I meant I want to analyze before deciding to backport, but a second 
analysis is never bad :-)

Cheers,
Daniel

>
> Thanks Daniel!
>
>
> On Thu, Apr 10, 2014 at 4:35 PM, Daniel-Constantin Mierla 
> <miconda at gmail.com <mailto:miconda at gmail.com>> wrote:
>
>     Hello,
>
>     iirc, there are several functions that script writer can use, like
>     t_reply_callid() from tmx.
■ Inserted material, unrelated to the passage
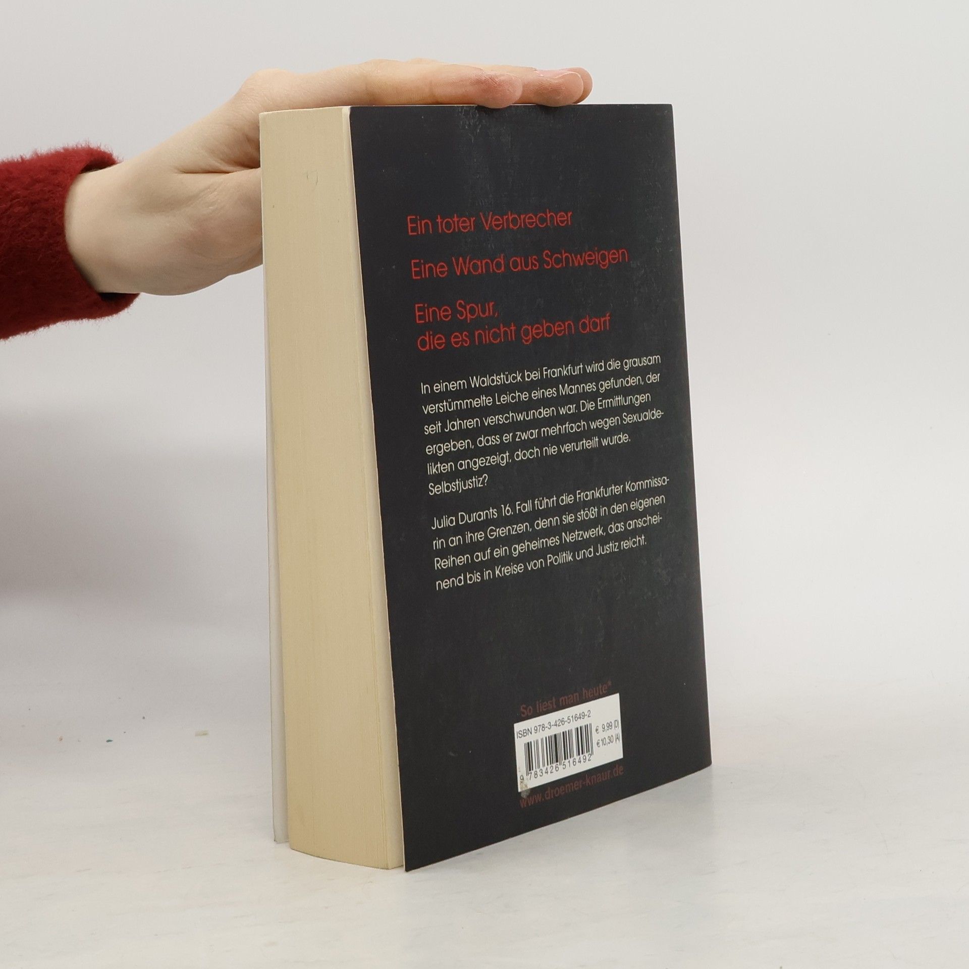 In einem Waldstück bei Frankfurt wird die Leiche eines Sexualstraftäters gefunden, der seit Jahren als vermisst galt. Die Ermittlungen ergeben, dass der Mann zwar mehrfach verdächtigt, doch nie verurteilt wurde. In den Akten tauchen immer wieder derselbe Richter und dieselben Anwälte auf – Zufall? Die brutalen Verletzungen des Mordopfers lassen auf ein sehr persönliches Motiv schließen. Und auf große Wut. Und während Julia Durant sich noch mit der Frage herumschlägt, wem sie hier eigentlich zu Gerechtigkeit verhilft, muss sie erkennen, dass ihr der Gegenwind auch aus den eigenen Reihen entgegenschlägt.

The idea is to analyze a bit in order
>     to detect if a forced reply may end up in canceling some pending
>     branches -- the reply on the branch doesnt matter anymore and
>     should not be considered anymore for relaying upstream, because
>     the script writer already decided what to send out.
>
>     Cheers,
>     Daniel
>
>
>
>     On 10/04/14 13:24, Jason Penton wrote:
>>     Hey Daniel,
>>
>>     which reply functions are you referring to? API functions?
>>
>>     Cheers
>>     Jason
>>
>>
>>     On Thu, Apr 10, 2014 at 12:53 PM, Daniel-Constantin Mierla
>>     <miconda at gmail.com <mailto:miconda at gmail.com>> wrote:
>>
>>         OK. I will leave it a bit in master to see if there are any
>>         new reports, then I will backport. I will also have to review
>>         the tm reply functions that can be used from config to align
>>         them to the new check.
>>
>>         Cheers,
>>         Daniel
>>
>>
>>         On 10/04/14 09:06, Jason Penton wrote:
>>>         oh excellent, I will look at it right away - was just
>>>         getting ready to jump in myself ;)
>>>
>>>         Cheers
>>>         Jason
>>>
>>>
>>>         On Thu, Apr 10, 2014 at 9:01 AM, Daniel-Constantin Mierla
>>>         <miconda at gmail.com <mailto:miconda at gmail.com>> wrote:
>>>
>>>             Hello Jason,
>>>
>>>             I pushed a patch trying to fix this case, it is only on
>>>             git master branch. Can you test it? If all goes fine, we
>>>             can consider backporting it.
>>>
>>>             Cheers,
>>>             Daniel
>>>
>>>
>>>             On 09/04/14 23:26, Jason Penton wrote:
>>>>             Hey Daniel,
>>>>
>>>>             nothing extraordinary...
>>>>
>>>>             # -- TM params --
>>>>             modparam("tm", "fr_timer", 20000);
>>>>             modparam("tm", "fr_inv_timer", 10000)
>>>>
>>>>
>>>>             Cheers
>>>>             Jason
>>>>
>>>>
>>>>             On Wed, Apr 9, 2014 at 10:32 PM, Jason Penton
>>>>             <jason.penton at gmail.com
>>>>             <mailto:jason.penton at gmail.com>> wrote:
>>>>
>>>>                 Hey Daniel,
>>>>
>>>>                 Yes I did a test with a very basic config file and
>>>>                 I am not able to re-create. However, with my
>>>>                 *complex* cfg file I can re-create every time.
>>>>                 Tomorrow I will compare what is different and
>>>>                 report back... hopefully with fix ;)
>>>>
>>>>                 here is bt of timer process deadlocking itself:
>>>>
>>>>                 #0  syscall () at
>>>>                 ../sysdeps/unix/sysv/linux/x86_64/syscall.S:39
>>>>                 #1  0x00007f5009f22004 in futex_get
>>>>                 (lock=0x7f4fc55030d8) at ../../mem/../futexlock.h:123
>>>>                 #2  0x00007f5009f223e1 in _lock (s=0x7f4fc55030d8,
>>>>                 file=0x7f5009f90fd1 "t_cancel.c",
>>>>                 function=0x7f5009f91980 "cancel_branch", line=250)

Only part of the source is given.